Now Im looking for the correct way to sort the first column (ascending).
Try running it through sort :
awk ... | sort -n
1 Like
scrutinizer:
Try this modification:
Any awk:
awk '{v=$NF; sub(/ +[^ ]*$/,x); A[$0]+=v; C[$0]++} END{for(i in A) printf "%s%7.1f\n",i,A/C}' file1 file2
I was hoping to modify your script to subtract a field (3rd column) in File A from another field (3rd column) in File B, but its not working as I had thought. I am not familiar enough with Awk to make it work.
Any help is appreciated!
File A
24.01 -81.01 1.0
24.02 -81.02 5.0
24.03 -81.03 0.0
File B
24.01 -81.01 2.0
24.02 -81.02 3.0
24.03 -81.03 0.0
Result Output
24.01 -81.01 -1.0
24.02 -81.02 2.0
24.03 -81.03 0.0
RudiC
February 2, 2015, 9:50am
9
If you have just two files, and if you want to subtract file2's values from file1's,and if you accept some format change, this might help you:
awk 'FNR==NR {A[$1,$2]=$NF; next} {A[$1,$2]-=$NF} END{for(i in A) printf "%s%7.1f\n",i,A}' SUBSEP=" " file1 file2
24.01 -81.01 -1.0
24.02 -81.02 2.0
24.03 -81.03 0.0
1 Like
Thanks to all for the help.
I have 1 final question.
I need to perform the following calculation on column 3.
awk '{$3 = ($3*9)/5; print}'
Input
46.0625 -99.1042 4.9
35.4792 -79.6042 -0.6
42.5208 -71.4792 -1.7
Expected Output
46.0625 -99.1042 8.8
35.4792 -79.6042 -1.1
42.5208 -71.4792 -3.1
I need to preserve the 4 sig digs in columns 1 and 2, but round column 3 to 1 sig dig.
I am close with this code but it wraps the 3rd column to the next line.
awk '{print $1, $2; printf("%.1f\n"), $3 = ($3 * 9)/5}'
RudiC
February 4, 2015, 10:45am
11
Take advantage of awk
's string/number dualism, and use the %s
format specifier:
awk '{printf "%s %s %.1f\n", $1, $2, ($3 * 9)/5}' file
46.0625 -99.1042 8.8
35.4792 -79.6042 -1.1
42.5208 -71.4792 -3.1
1 Like
I now have the need to match the first two columns and when they match, calculate the percentage of average for the third columns. I cant seem to borrow from the same awk script and output the expected result.

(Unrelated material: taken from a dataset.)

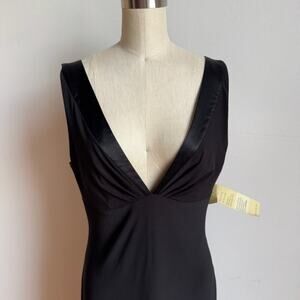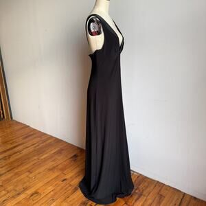 Details: LAUNDRY BY SHELLI SEGAL timeless black sleeveless maxi dress with deep-v neckline, silk charmeuse trim, empire waist, straps that narrow at the back and attach to the center of the back. Fully lined and stretchy. Elegant and sophisticated for a formal or black tie wedding or event with clean and classic lines. Feminine and a bit daring and sexy.
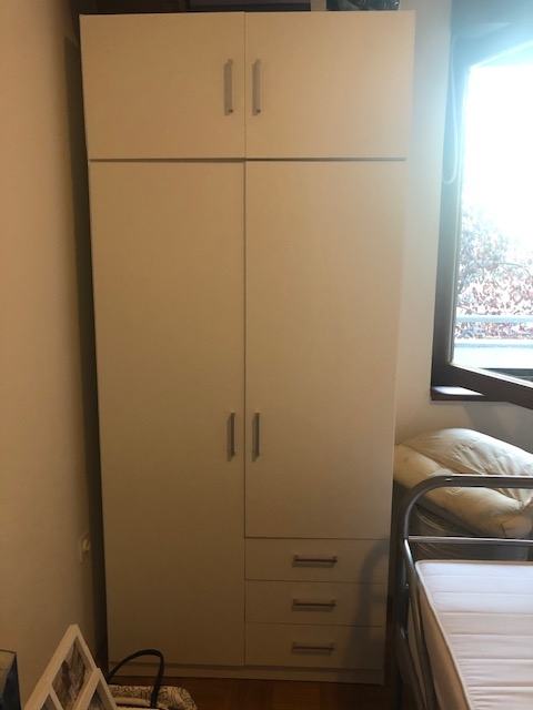 Bijeli garderobni ormar u jako dobrom stanju , kao nov, kupljen u prosincu 2019. Dimenzije; Širina: 96 cm, Visina: 176 cm, Dubina: 50 cm. Ukrasni furnir. Unutrašnjost ormara: 3 police i 1 šipka za vješalice. Na ormaru je i gornji ormarić Širina: 96 cm, Visina: 41 cm, Dubina: 50 cm iz iste kolekcije.

percent of average = diff/avg * 100
Ill need to ignore/remove the minus/negative symbols if their are any in the output file.
Diff File
46.0625 -99.1042 8.8
35.4792 -79.6042 -2.1
42.5208 -71.4792 -3.1
Avg File
46.0625 -99.1042 4.9
35.4792 -79.6042 3.3
42.5208 -71.4792 10.0
expected output
46.0625 -99.1042 180
35.4792 -79.6042 63
42.5208 -71.4792 31
Any suggestions?
RudiC
February 12, 2015, 4:24pm
13
Please open a new thread for a new request!
Try
awk 'NR==FNR {T[$1,$2]=$3; next} $1,$2 in T {P=T[$1,$2]/$3*100; printf "%s %s %.0f\n", $1, $2, (P>=0)?P:-P}' file1 file2
46.0625 -99.1042 180
35.4792 -79.6042 64
42.5208 -71.4792 31
1 Like
This has been resolved. Thanks for the help RudiC!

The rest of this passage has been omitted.